1-Bit Wonder: Improving QAT Performance in the Low-Bit Regime through K-Means Quantization

TL;DR

This paper empirically studies low-bit quantization-aware training for large language models, demonstrating that 1-bit k-means quantization outperforms integer formats and yields optimal downstream performance within fixed memory budgets.

Contribution

It introduces a comprehensive empirical analysis of QAT in the low-bit regime, highlighting the effectiveness of k-means based 1-bit quantization for LLMs.

Findings

k-means based weight quantization outperforms integer formats

1-bit quantization achieves best downstream performance under fixed memory

efficient implementation on standard hardware

Abstract

Quantization-aware training (QAT) is an effective method to drastically reduce the memory footprint of LLMs while keeping performance degradation at an acceptable level. However, the optimal choice of quantization format and bit-width presents a challenge in practice.
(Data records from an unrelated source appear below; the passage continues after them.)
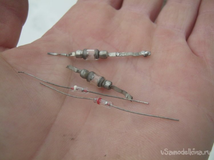 Фото 10. Детектор-диод фабричной выделки, обязательно германиевый. Здесь Д9 (помельче) и Д2 (покрупнее). Проверил тестером при прямом-обратном включении. Цветной полоской у Д9 помечен (в отличии от современных импортных) анод. Катод – кристалл внутри в который упирается остриё проволочки-пружинки. Кроме того, у Д9 проволочный вывод катода толще, а у Д2 полярность выбита на плоском выводе.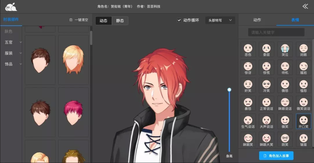 开放素材库的提供可以帮助创作者有效降低成本。不同于传统依靠画师人工完成的立绘,芸芸采用2D骨骼动画,创作者可以通过捏脸等方式直接独立完成立绘,而无需再进行二次约稿,“通过不同组合,可以搭配出500万种不同的服饰搭配。”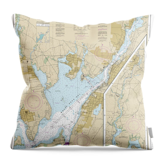 Nautical Chart-13224 Providence River-head-narragansett Bay - Throw Pillow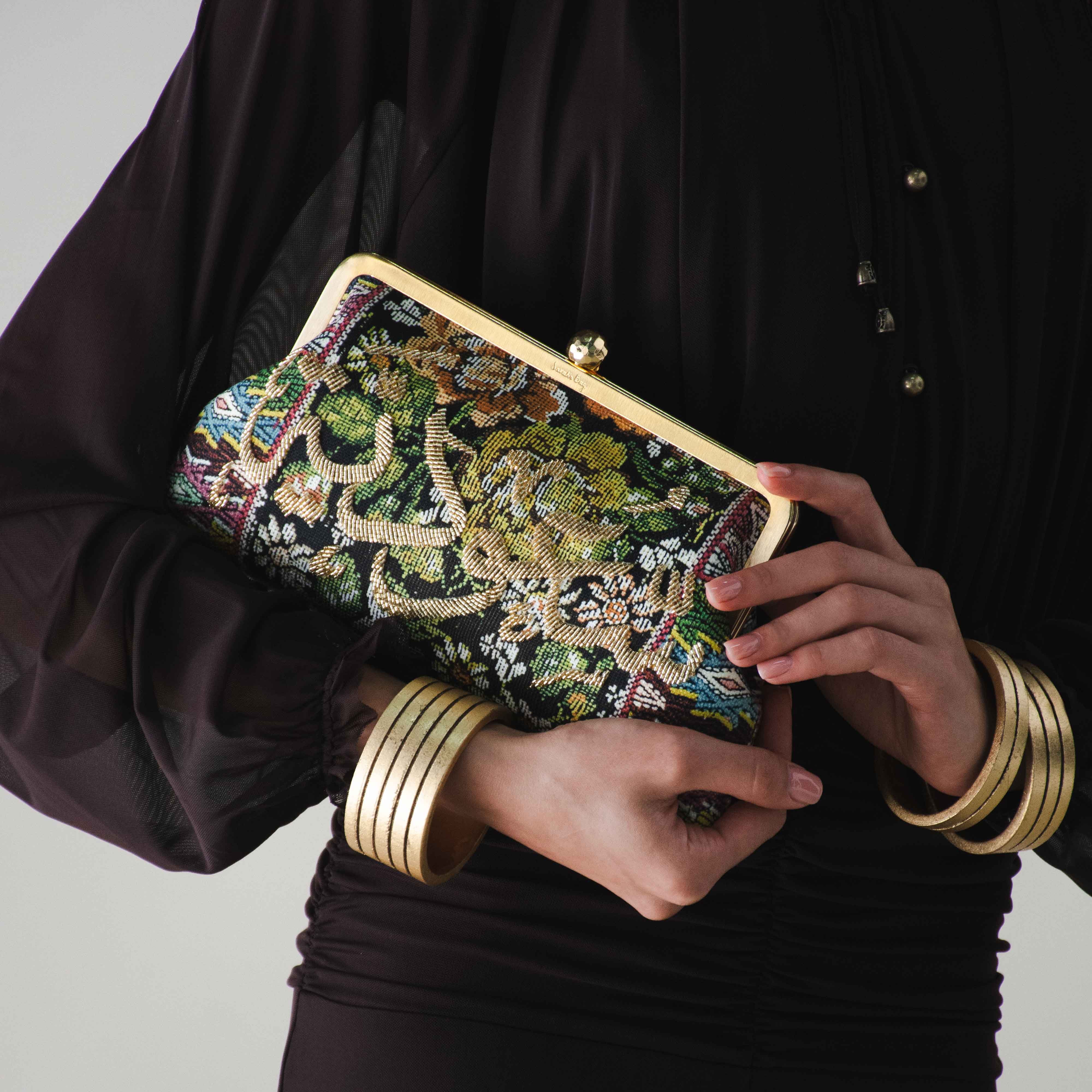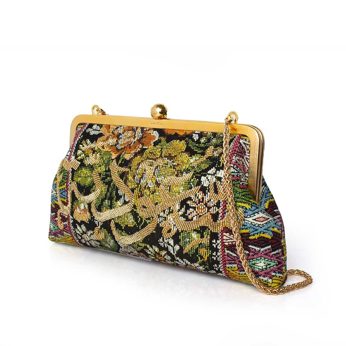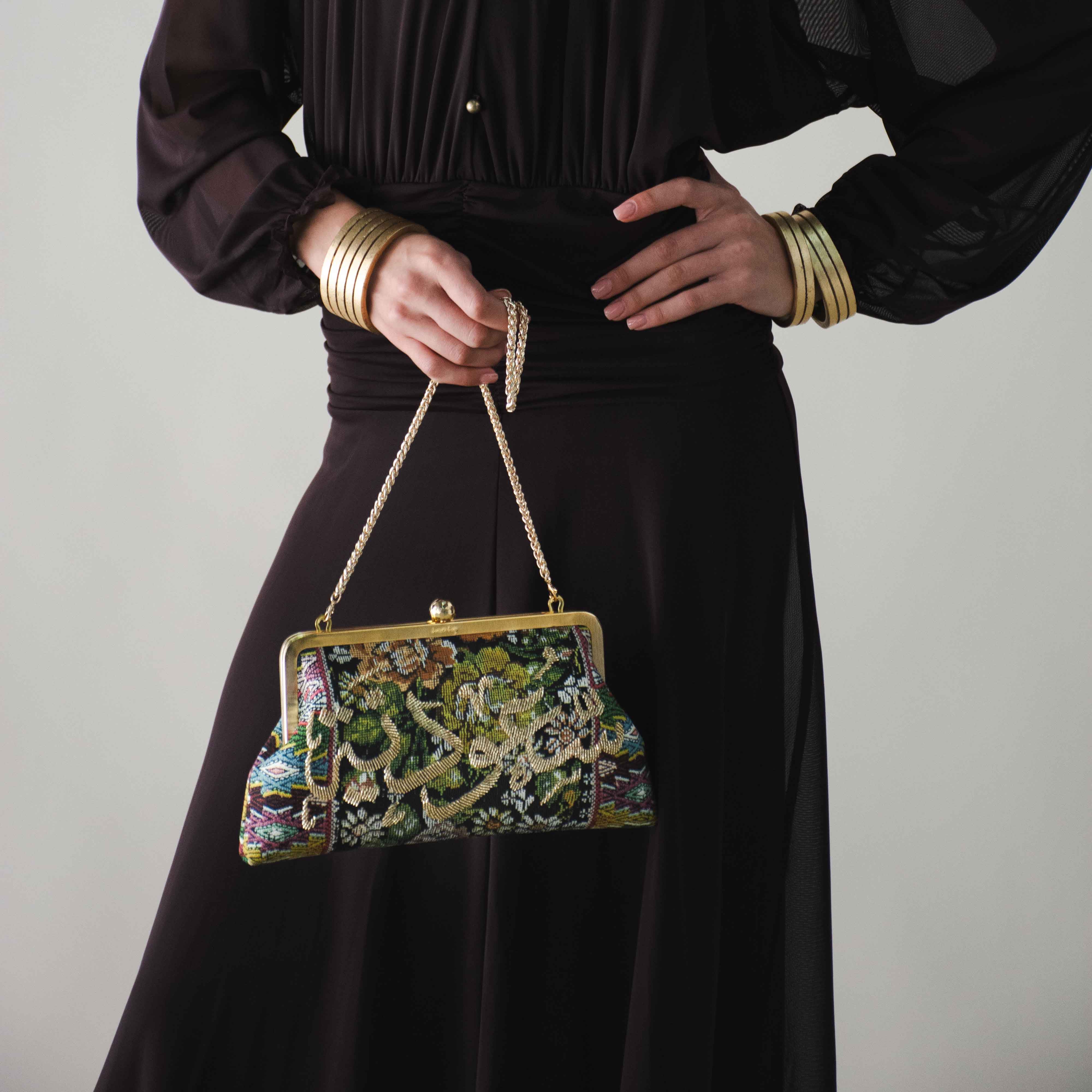 Intricately hand-beaded in shimmering bronze Arabic calligraphy, the word "Saoudiyah" (سعودية) is boldly embroidered over a lush tapestry of earthy florals and rich hues. A standout from the KSA Capsule Collection, it can be carried by hand or styled with a detachable chain for versatile sophistication.

The full design space of quantization is not fully explored in the context of QAT, and the precise trade-off between quantization and downstream performance is poorly understood, as comparisons often rely solely on perplexity-based evaluations. In this work, we address these shortcomings with an empirical study of QAT in the low-bit regime. We show that k-means based weight quantization outperforms integer formats and can be implemented efficiently on standard hardware. Furthermore, we find that, under a fixed inference memory budget, the best performance on generative downstream tasks is achieved with $1$-bit quantized weights.